[Data extracted from a collection]
........

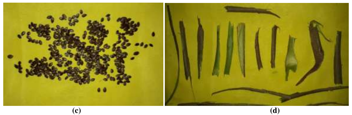
Fig. 1: (a)flowers; (b)leaves; (c)seeds; (d)bark.
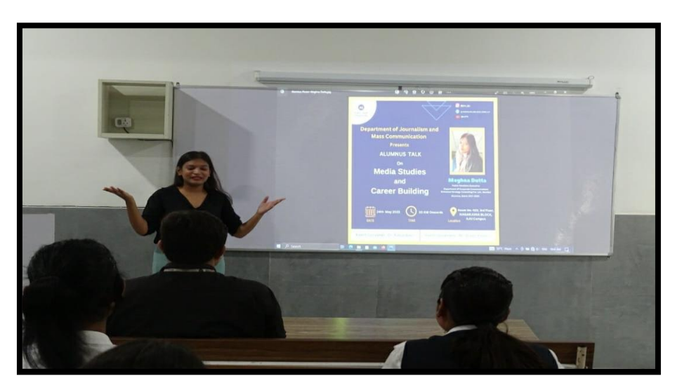
Figure 4: Guest speaker while giving career guidance to the students
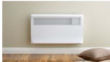
2200W model wall mounted
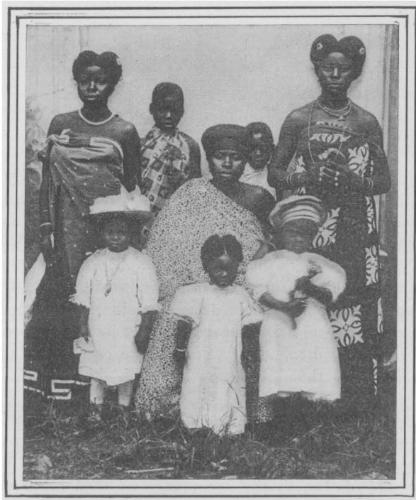
A CIVILIZED FAMILY IN WEST AFRICA.

entire southern third of Africa, and speaking the dialect of any one of its tribes, could, in a few months after removal to any other tribe, speak the dialect of that tribe. Any missionary of university education and of ordinary diligence, can, within a week after his arrival at his station, read (of course, in a parrot fashion) the native language, and thus be able to conduct a religious service with Bible and hymn-book. If he does not do that within one month, I would regard him, if not incapable, as open at least to the charge of unfaithfulness and lack of diligence. One who will promptly on arrival, and with
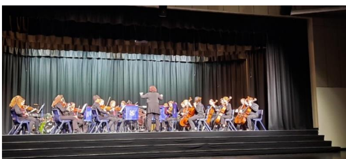
Junior String Orchestra
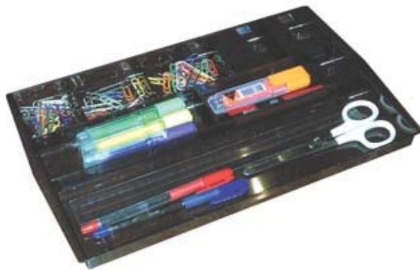
← I 70 Drawer Tidy
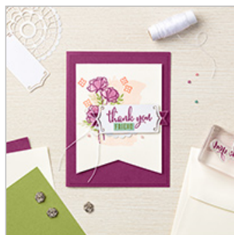
A Little More, Please Bundle
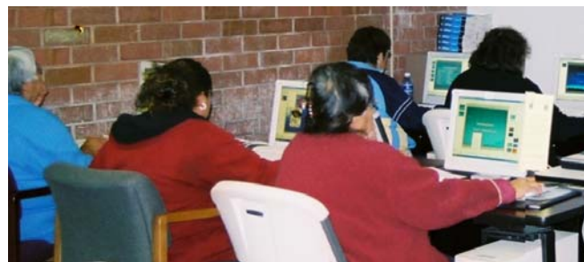
2006 Computer Course 101 evening class.
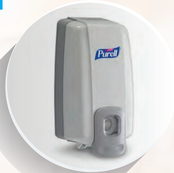
PURELL® NXT® SPACE SAVER™ Dispenser

........

→ **What the exercise asks**
What is needed is an exact copy of the lines above from the one with "Figure 4: Guest" to the one with "A CIVILIZED FAMILY IN WEST AFRICA.", both ends kept, and nothing more; please leave the pictures out.

→ **Solution for this task**
Figure 4: Guest speaker while giving career guidance to the students
2200W model wall mounted
A CIVILIZED FAMILY IN WEST AFRICA.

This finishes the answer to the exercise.